91% of COVID-19 brought-in-dead cases in Malaysia unaware of infection: Khairy

Malaysia's Health Minister Khairy Jamaluddin (right) speaking to the press on Dec 16, 2021. With him is Health Ministry director-general Noor Hisham Abdullah. (Photo: Bernama)

KUALA LUMPUR: Malaysia’s Health Minister Khairy Jamaluddin said that 91 per cent of the brought-in-dead (BID) cases in the country were unaware that they had contracted COVID-19. 

At a press conference on Thursday (Mar 3), he said that this finding was based on the analysis of 113 BID cases between Feb 5 and Feb 21.

“We found through the survey, over 50 per cent of family members assumed the sickness experienced by the deceased was light, and did not refer them to a health facility quickly,” said the minister.

“And when it was detected, it was too late.”

He urged those with family members who were senior citizens to seek help at a medical facility immediately if the latter showed any symptoms from high fever to prolonged coughing. 

He said there were a lot of BID cases, where the cause of death was found to be COVID-19 upon post-mortem.

ALL DEATHS FROM COVID-19 MUST BE REPORTED WITHIN 72 HOURS

COVID-19 deaths must now be reported to the health ministry within 72 hours, Mr Khairy said during the same press conference.

From Mar 1, he added, the daily numbers will reflect the number of death reports received in the past 72 hours, which will be posted on Malaysia’s COVIDNOW website which tracks the country’s statistics regarding the pandemic. 

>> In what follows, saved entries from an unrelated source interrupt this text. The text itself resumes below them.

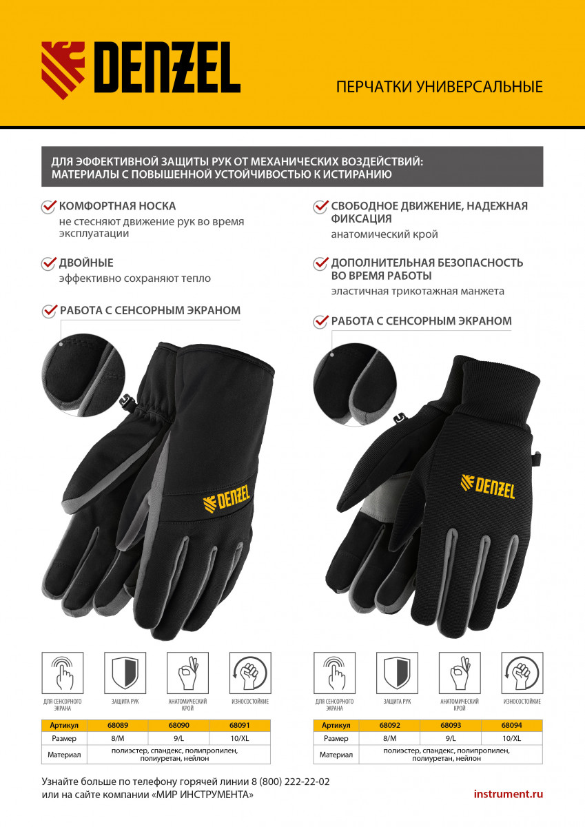"Перчатки Denzel 68090 обеспечивают комфортную работу с сенсорным экраном благодаря специальным накладкам."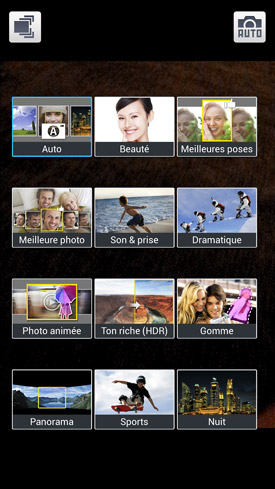 Le constructeur s'est montré particulièrement généreux puisque l'on retrouve pas moins de douze modes différents. Bien sûr, tous n'ont pas la même utilité selon vos besoins. Toutefois, sachez que Samsung semble avoir dressé une sorte de check-list de ce que proposent les smartphones concurrents en matière de mode photographique. Puis, le coréen s'est appliqué à rayer, une par une, les éléments de cette check-list, afin d?être le plus complet possible. On retrouve donc les modes habituels comme « Auto », « Tons riches - HDR », « Panorama », « Meilleures Poses », « Sports » ou encore « Nuit ». Nous n'allons pas les aborder en détail car leurs noms sont évocateurs et il s'agit désormais de classiques sur tous les mobiles haut de gamme.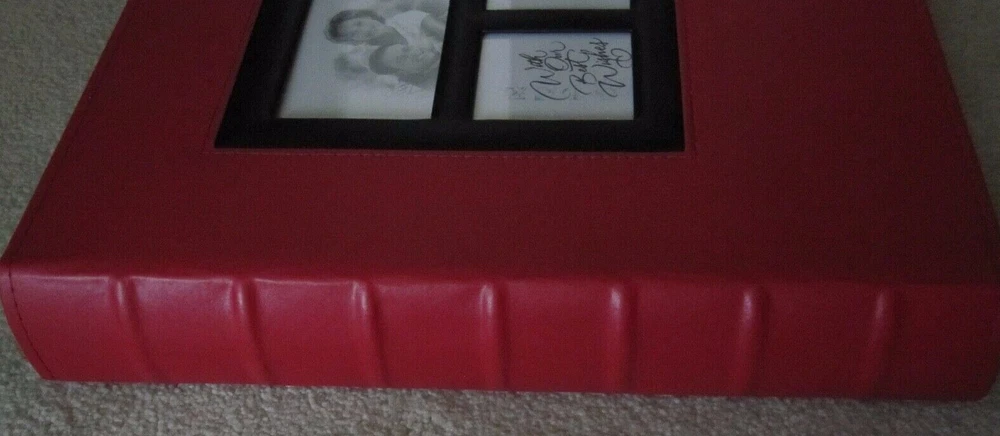 Brand new RECUTMS Photo Album in red. Size: 14.5 in x 13.4 in x 2.5 in with 60 sheets/120 pages. Can hold 5 4x6 photos per page (600 total) Design: Sewn leather collage frame cover, smooth leather texture, looks beautiful and upscale. The photo album cover has a 10 × 10 inch window, which can be changed. Quality: Archival, photo safe acid, lignin and PVC free.Unique 5 transparent pocket pages, easy to store photos. Waterproof.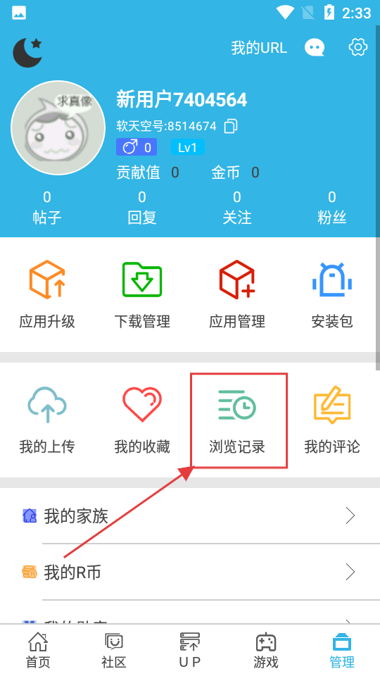 2、在个人管理界面点击【浏览记录】,就能进入浏览历史界面,查看浏览过的内容啦。

The minister explained that previously, death reports were only announced once the registration process was completed at state level, and this could take some time. 

“As such, there were a number of cases which were delayed before being announced. Hence, (there was) a backlog …  I have ordered (this) to be stopped,” he said. 

The minister noted that when the number of deaths was announced, it did not mean that they had taken place on the day itself. Some cases required further investigations, such as post-mortems or laboratory tests, which could take up to four to six weeks. 

“On Mar 2, 62 (deaths), or 54 per cent, are those which took place within 72 hours. Fifty-three deaths, or 46 per cent exceeded 72 hours,” he said, adding that the reporting process needed to be adjusted to obtain a clearer picture of Malaysia’s current COVID-19 situation. 

On Wednesday, the health ministry reported 115 COVID-19 fatalities nationwide, the highest figure in a single day since the Omicron variant arrived in the country late last year. 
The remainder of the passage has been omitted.